Same with the art supplies. I dismembered the three framed acrylic paintings I brought with me into their separate elements. The canvas will go out with tomorrow's trash, to start a new life in the landfill. The frames and the stretcher bars will find a home with some as-yet-to-be-discovered Freecycler, who will also be thrilled to receive an almost full pad of vintage newsprint, two (expensive) birch drawing boards, a dozen large tubes of (still good) acrylic paint, and fifty-plus artists brushes in all sizes and conditions. All the stuff I dragged with me from Portland, thinking I can't claim to be an artist without a box of art supplies. Ha. I still draw. I drew a picture today. There you see it, hot off the whatever you call lined paper in a composition notebook. I was sitting in a Zoom meeting, drawing while listening, channeling my inner curmudgeon, as is my wont.

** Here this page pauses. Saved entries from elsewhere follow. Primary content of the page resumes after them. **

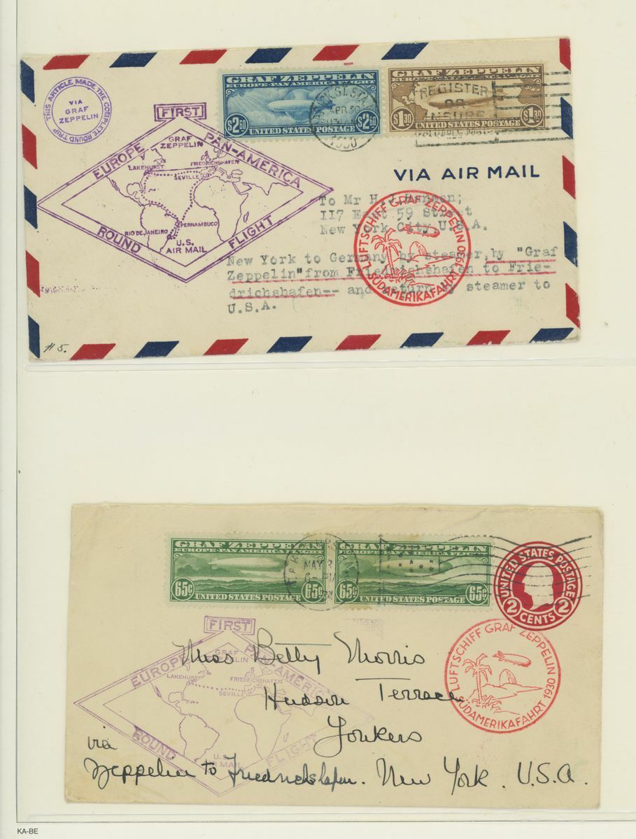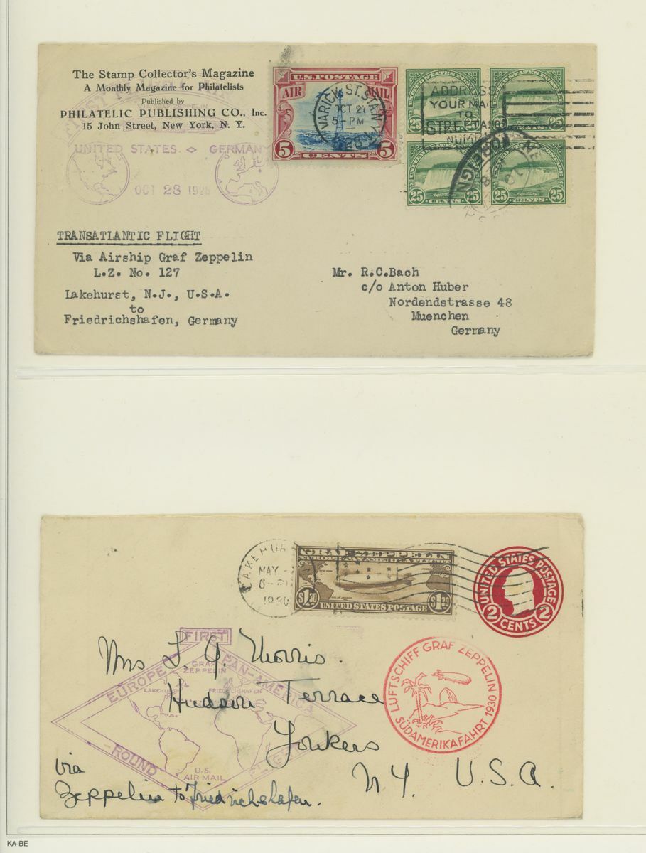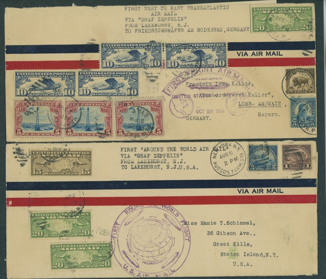 1928-30 Air mail selection (8) including 1928 First West to East Transatlantic Air Mail cover addressed to Germany (2) with different frankings, 1929 First Around the World Cover to Staten Island, 1930 Zeppelin (5) including 65c. uprating 1c. card, 65c. horizontal pair uprating 2c. postal stationery envelope, $1.30 uprating 2c. postal stationery envelope, $1.30 and $2.60 on envelope to New York, $2.60 on envelope to Los Angeles. Mixed condition, a useful group.
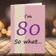 Um cartão de saudação de excelente para alguém, especialmente para ela (por causa do esquema de cores bege, rosa e roxo) comemorando o 80. Ela vem com uma citação engraçada e motivacional que tenho 80 e assim por diante, e é perfeita para uma pessoa com senso de humor.
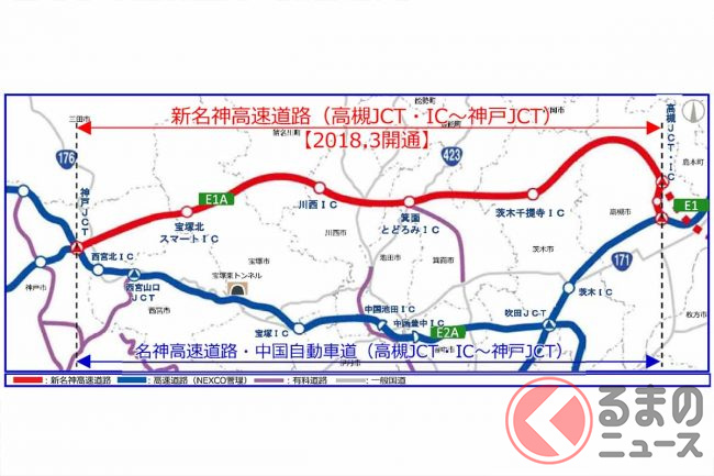 2017年12月10日の高槻JCT・IC~川西IC間に続き、2018年3月18日には川西IC~神戸JCT間が開通。これにより、名神高速と中国道・山陽道をつなぐ新たなルートができました。
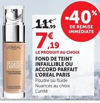 Offre L'oreal paris fond de teint infaillible ou accord parfait chez Hyper U
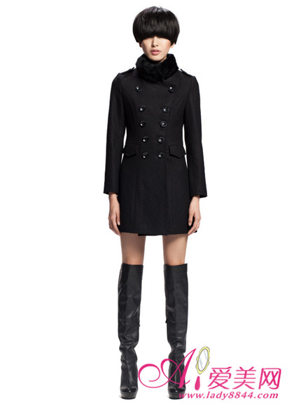 黑色的双排扣毛呢大衣穿起来非常显瘦,加上毛毛领子,寒冷都不怕啦!
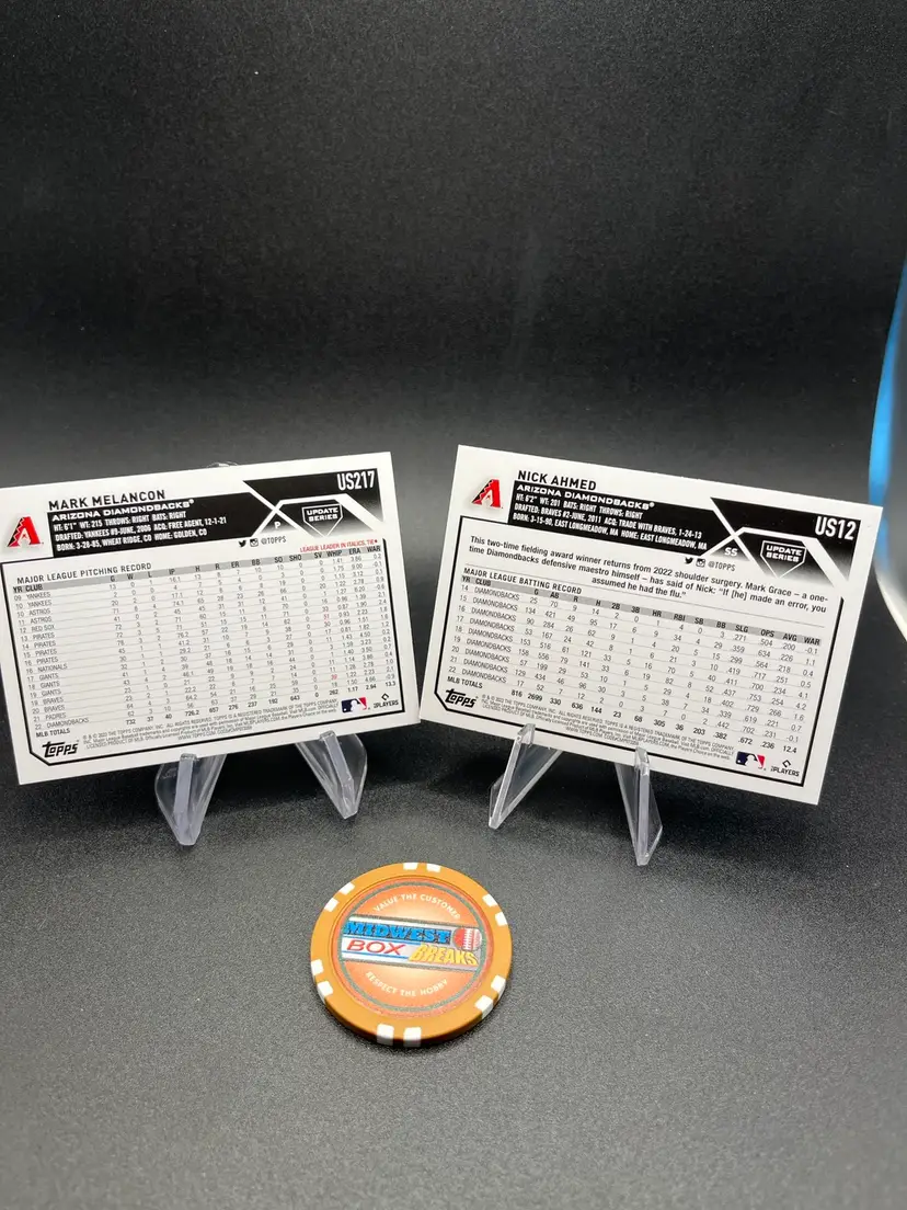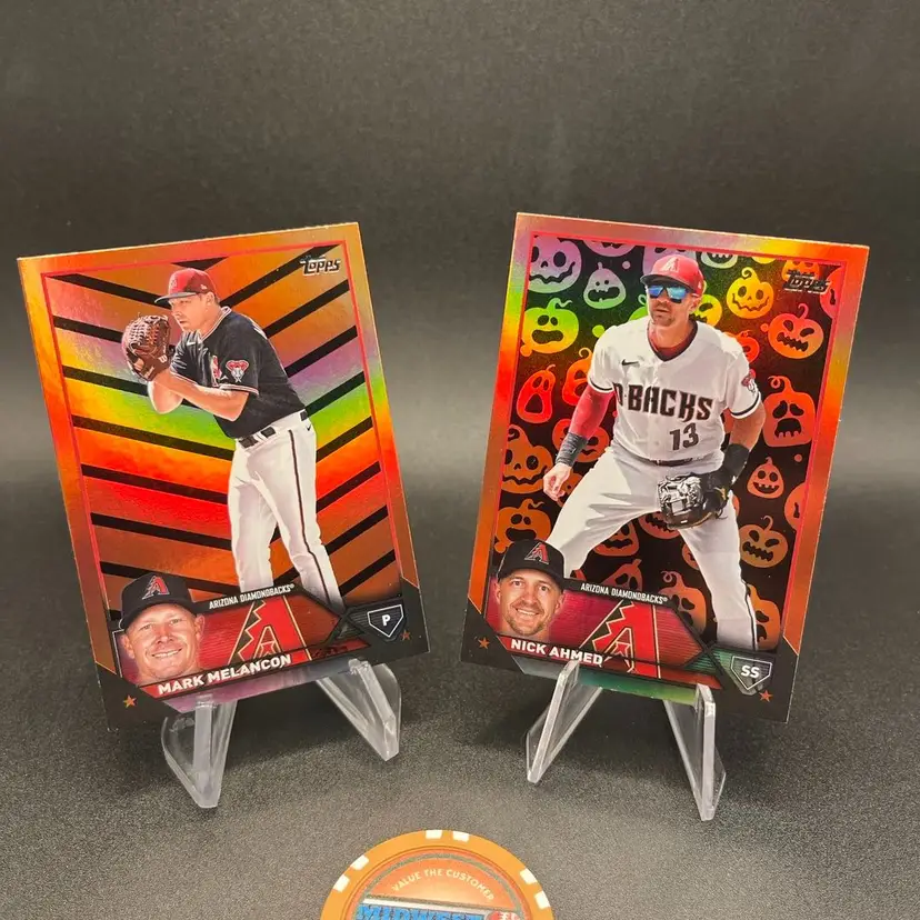 2023 Topps Update Halloween parallel of mark Melacon. And Jack O’Lantern parallel of Nick Ahmed. Print run of Melacon approx 2500. Print run of Ahmed approx 359.
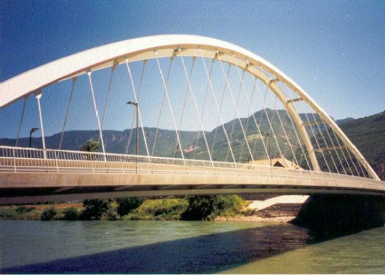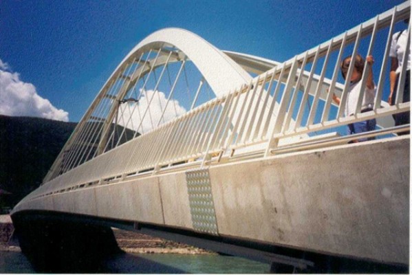 Ponte ad arco a spinta eliminata di luce di 70,4m con archi tubolari a sezione rettangolare inclinati verso il centro e tra loro collegati da irrigidimenti trasversali.
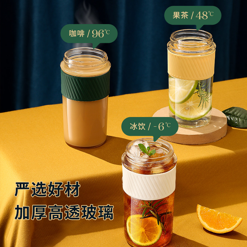 ECOTEK Glass Water Glass Women Portable Summer Brief Flowers Tea Coffee Cup Subhigh-grade Sense Tea Water Separation Accompanying Cup
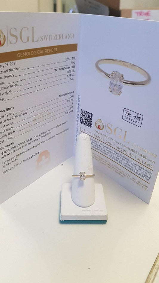 טבעת אירוסין יהלום אובל סוליטר בזהב צהוב 0.70 קראט
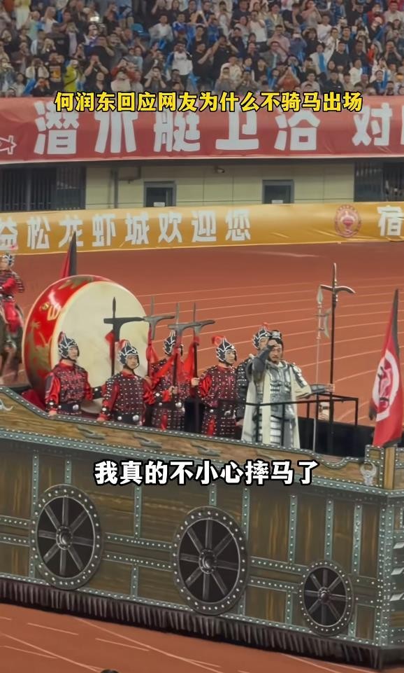 据4月18日晚间报道,江苏宿迁的“苏超”联赛主场,何润东以一袭经典的“西楚霸王项羽”造型亮相,瞬间点燃全场。然而,当观众发现这位“霸王”并未如期待中策马登场,而是驾着战车绕场时,热议随之而来——当年的马上英雄,为何不骑马了?
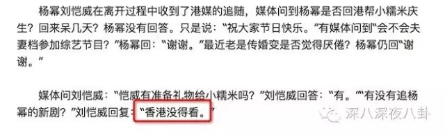 大家都知道大幂幂的翻译官正在热播,于是媒体就问刘恺威有没有追,刘恺威就简单回答了一句香港没得看。
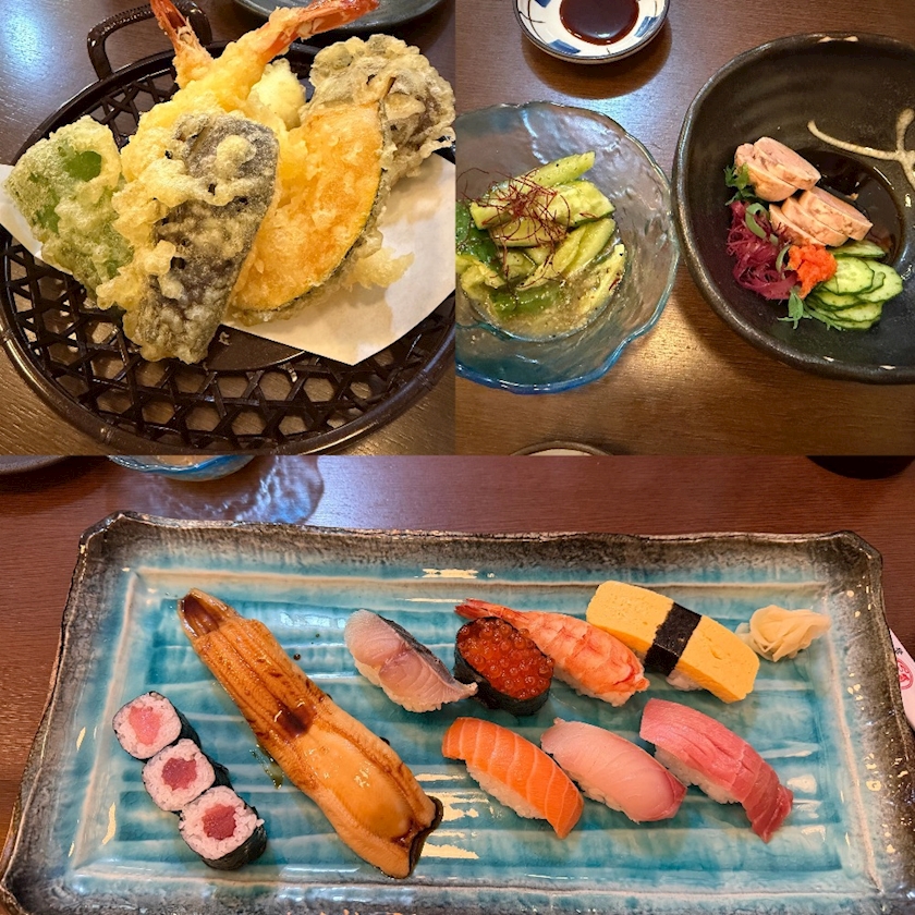 お寿司、天ぷら、あん肝、きゅうり
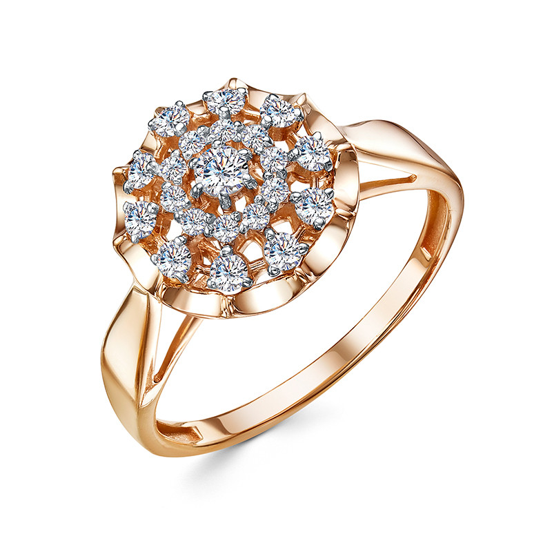 Кольцо из красного золота с фианитами 068036
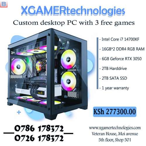 FEATURES : PROCESSOR : 14th Generation Intel Core i7 14700KF upto 5.6GHz 20Core_28Threaded LGA1700 Processor for desktop / FANS and HEATSINKS: Intel stock Fan for core i9_i7_I5_I3 sockets LGA 1700 / MOTHERBOARDS: H610M D4 LGA1700 12th gen Gaming Desktop Motherboard / RAM: 2pc * 16GB DDR4 UDIMM Desktop Ram single stick{ brand new } / CASE FAN: 120MM 6pin interface ARGB CASE FAN with controller {3 pack} / GRAPHICS CARDS: NVIDIA 6GB GeForce RTX 3050 Gaming Graphics Card / POWER SUPPLIES: 650 WATTS 80 plus GamiCentury Gaming Mid Tower M_ATX Computer Casing with glass front and sideng Power Supply / HARD DISKS: 2TB Desktop internal Hard drive / SSD: 2TB 2.5 SATA solid state drive for Desktop and Laptop / WIFI and Bluetooth: 600Mbps WIFI Bluetooth v5 Wireless USB Dual Band Dongle / 1 Year XGAMERtechnologies Guarantee.
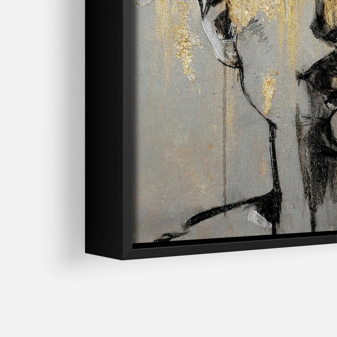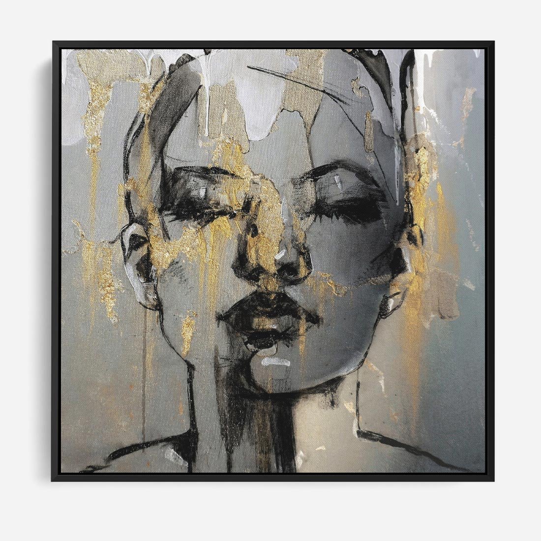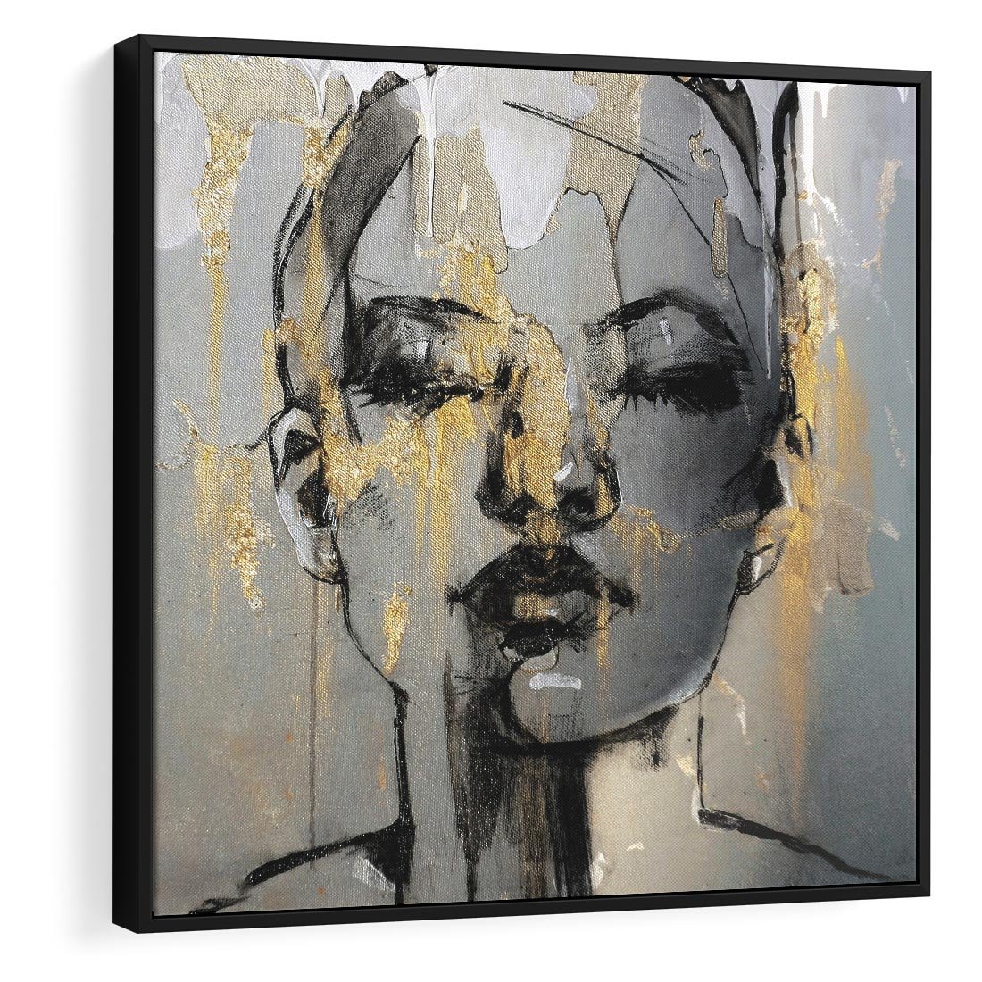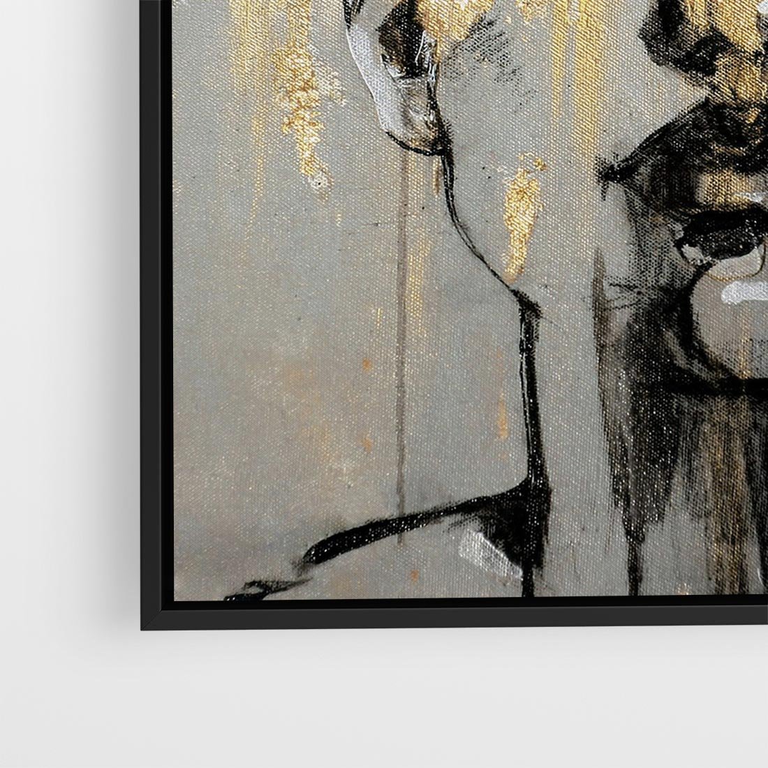 Obraz w ramie 50x50 - Kobieta - Abstrakcyjne Malowidło - złote, usta abstrakcja - rama czarna

My sewing machine will be the last to go. It's such a practical tool, unlike statistics books and art supplies. I might keep it for a while longer, at least until I decide to hit the road. Even then, I might pack it on the roof of my car, in one of those roof boxes. I might want to make car seats and curtains, who knows. With Popeyes on them. 

It's hard to let go of some of these things, not because they are intrinsically valuable but because of the parts of me they represented. I don't have those parts anymore. It's likely the statistician in me is gone for good. The artist in me has morphed into a writer-slash-illustrator or cartoonist, caricaturist? I don't know what to call myself. I'm still an artist. I'm just not a painter anymore. I had a gulp when I saw my easel go away, but ripping up my old paintings was surprisingly easy. I have photos.

So the question is, who am I now? I'm still figuring that out. My brain and body have changed. I'm no longer capable of doing some things. Maybe I can't do math anymore, or find the right words to describe what I am feeling. Maybe my writing is mundane and silly. Maybe my drawings are trivial and idiosyncratic. Maybe I only have the energy to putter slowly on a bike around the trailer park. It's okay. I can still make myself laugh with my stories. The jokes are for me. As long as I find joy in the creative process, I will keep creating. When it stops being fun, I will go do something else.